_AIM OF THE EXERCISE_
Repeat only the lines below that run from the line with "This shower curtain" to the line with "以後要處理翻譯,就打開 Om", ends included; skip every picture.

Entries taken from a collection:
/---

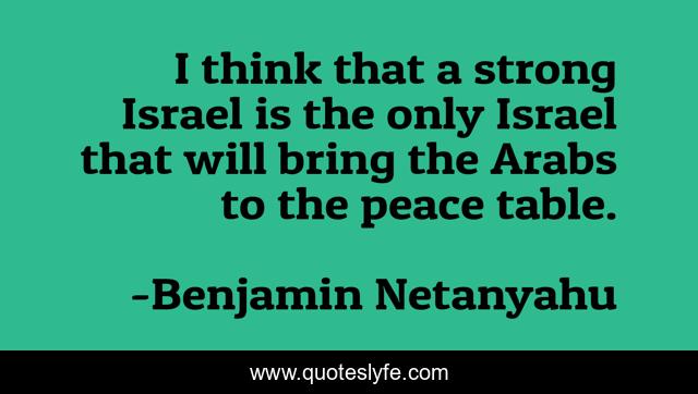 This page presents the quote "I think that a strong Israel is the only Israel that will bring the Arabs to the peace table.". Author of this quote is Benjamin Netanyahu. This quote is about bring, strong, think,.
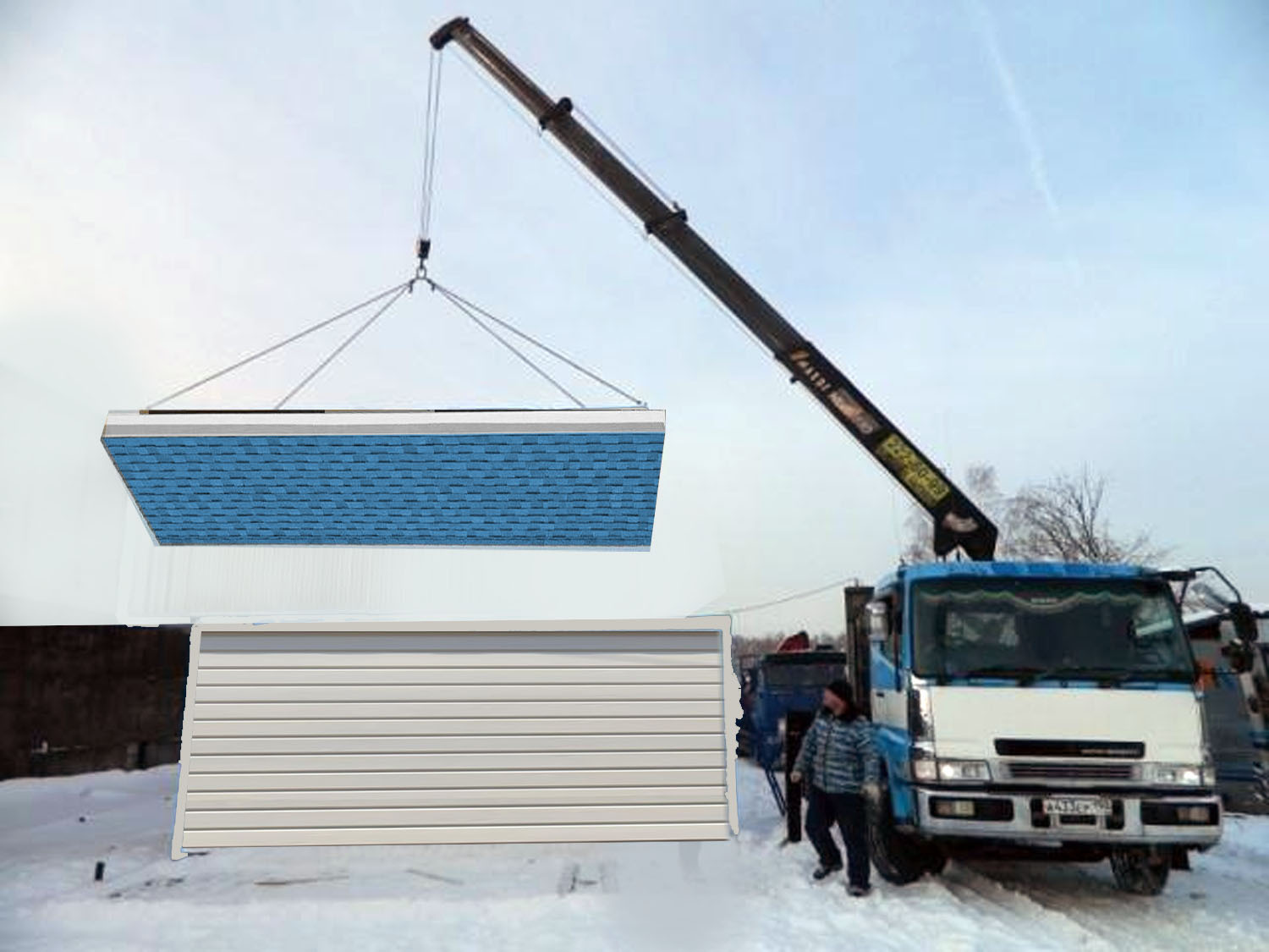 Можно изготовить 2 модуля - пол и стены с окнами и дверью и второй - крышу
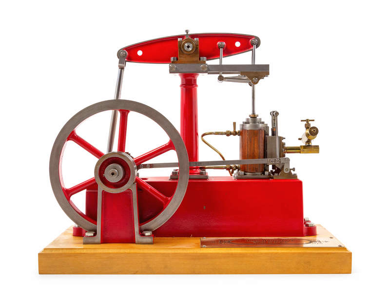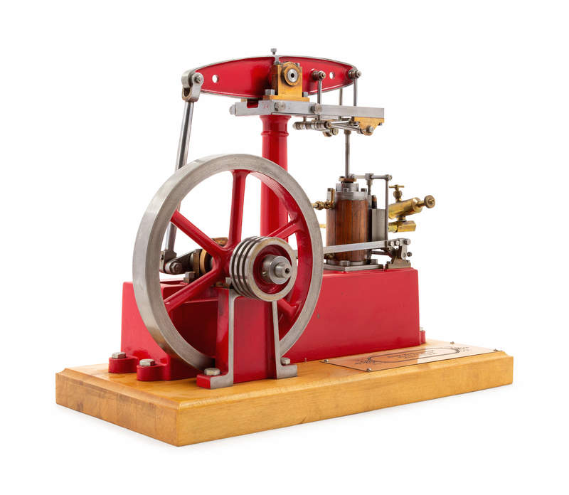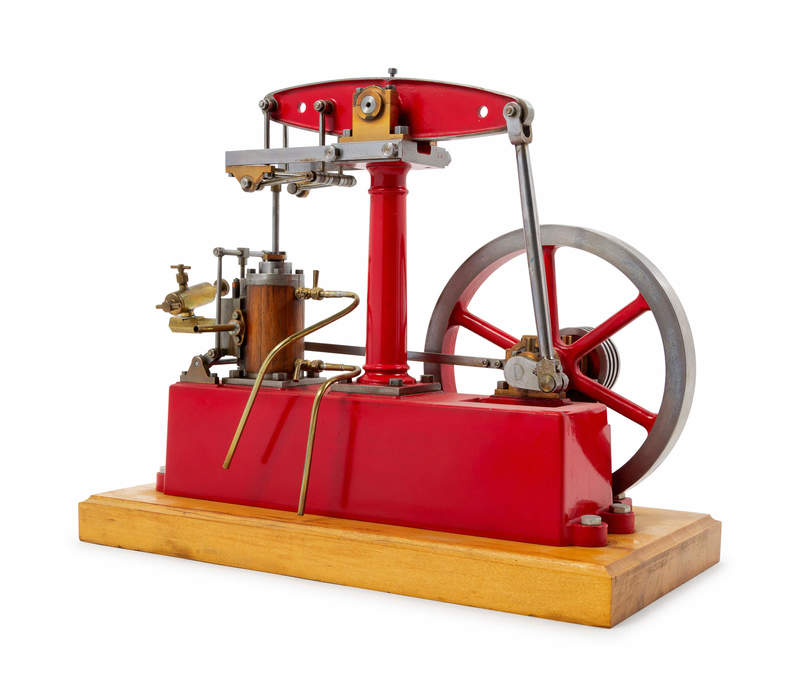 A Painted Metal Single Stroke Engine and Flywheel Scale Model
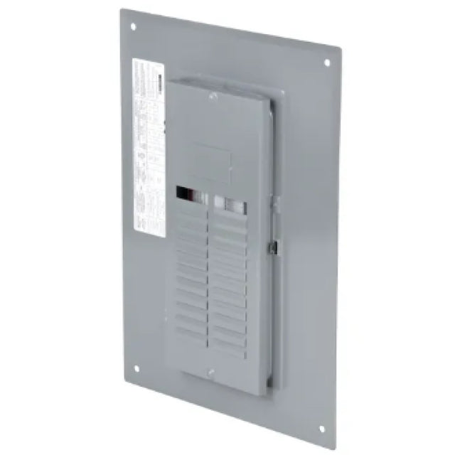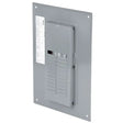 Frente para centro de carga tipo empotrar QO de 24 espacios, fabricado en lamina de acero esmaltado gris. Incluye cubierta lisa con apertura manual y compatibilidad para uso interior en sistemas monofasicos o trifasicos.
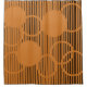 This shower curtain has a mid-century modern design of black vertical lines with circles scattered on top on a field of orange.
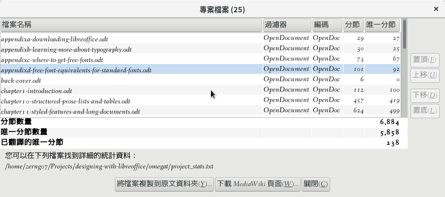 以後要處理翻譯,就打開 OmegaT,點「方案」>「開啟舊方案」或「最近的專案」即可繼續翻譯囉!開啟專案後,會跳出個「專案檔案」的處理視窗,這裡就是你選擇翻譯檔的入口處,可以一直擺著方便你切換,不大需要關閉它。
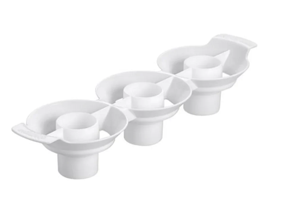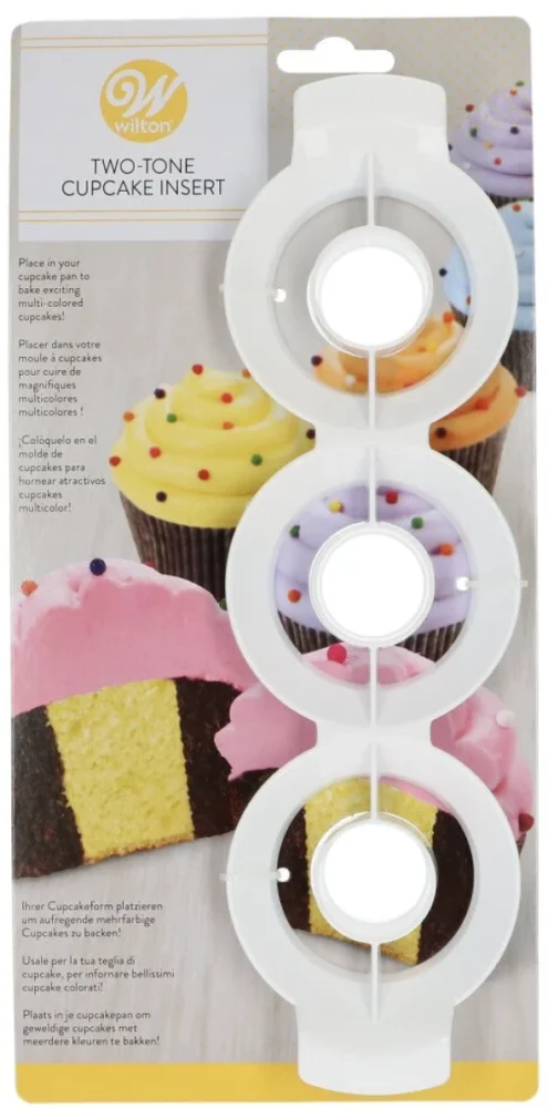 Dzięki tej wkładce z łatwością napełnisz swoje foremki ciastem w dwóch kolorach. Wkład nie nadaje się do piekarnika! Pasuje do standardowych foremek na babeczki/muffiny.
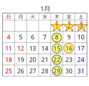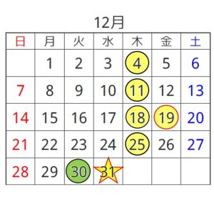 12月・1月の定休日、年末年始のお休みのお知らせです。
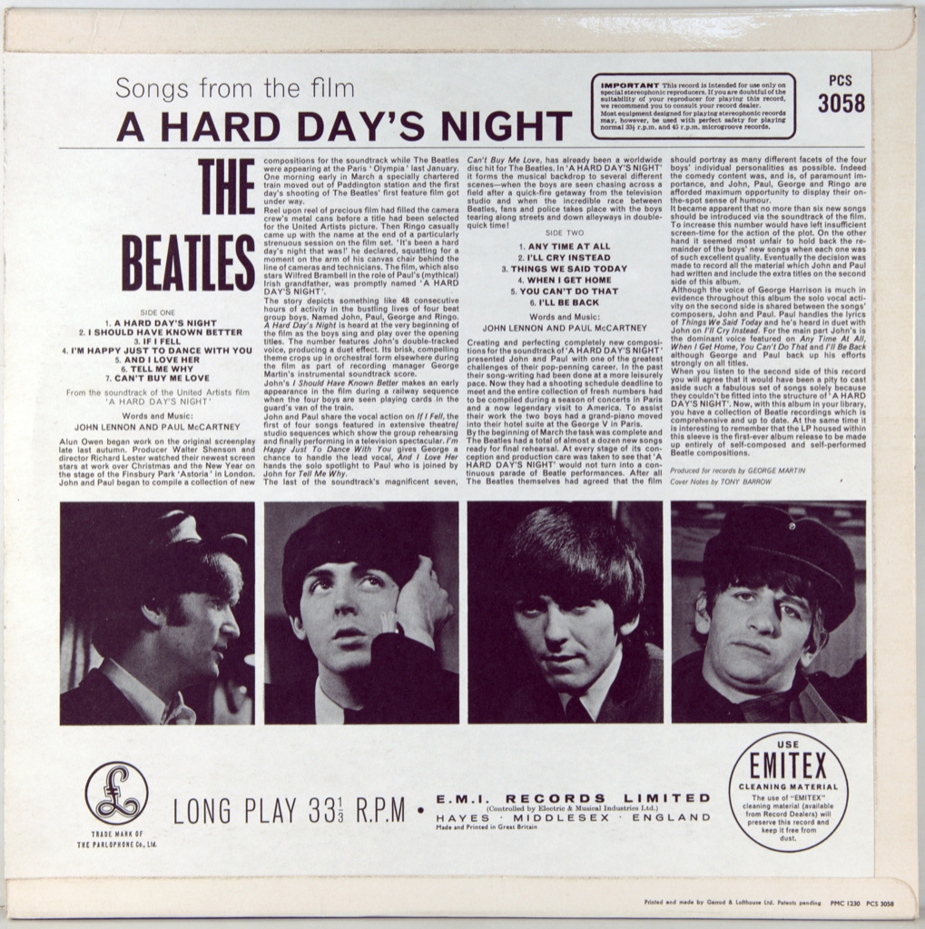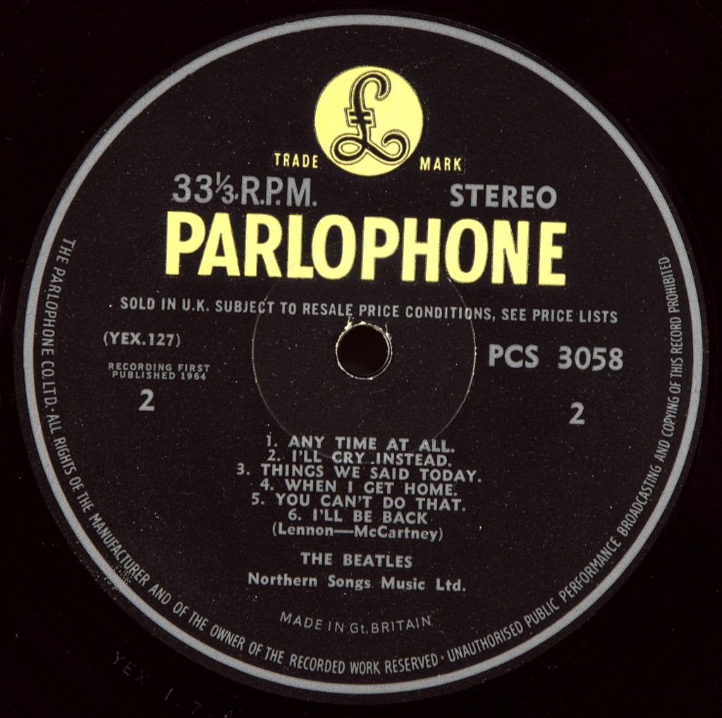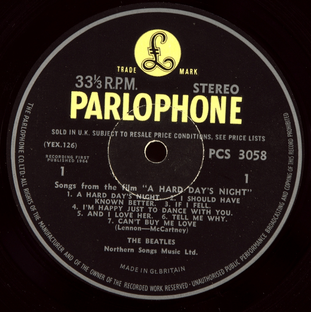 BEATLES-A HARD DAY'S NIGHT (STEREO)-1964-ПЕРВЫЙ ПРЕСС UK-PARLOPHONE-номер PCS 3058. Матричные номера: Сторона 1: YEX 126-1; Сторона 2: YEX 127-1. стампера 2GM/1O (Мечта!)Первый пресс10 июля 1964 года. Черная этикетка с желтым логотипом и серебристым принтом. “ Парлофон Со. ЛТД.” напечатано в начале периметру печати. "Запись впервые опубликована 1964" и "продано в Великобритании на тему..." С или без налогового кодекса КТ на этикетке.

\---

_WORKED SOLUTION_
 This shower curtain has a mid-century modern design of black vertical lines with circles scattered on top on a field of orange.
 以後要處理翻譯,就打開 OmegaT,點「方案」>「開啟舊方案」或「最近的專案」即可繼續翻譯囉!開啟專案後,會跳出個「專案檔案」的處理視窗,這裡就是你選擇翻譯檔的入口處,可以一直擺著方便你切換,不大需要關閉它。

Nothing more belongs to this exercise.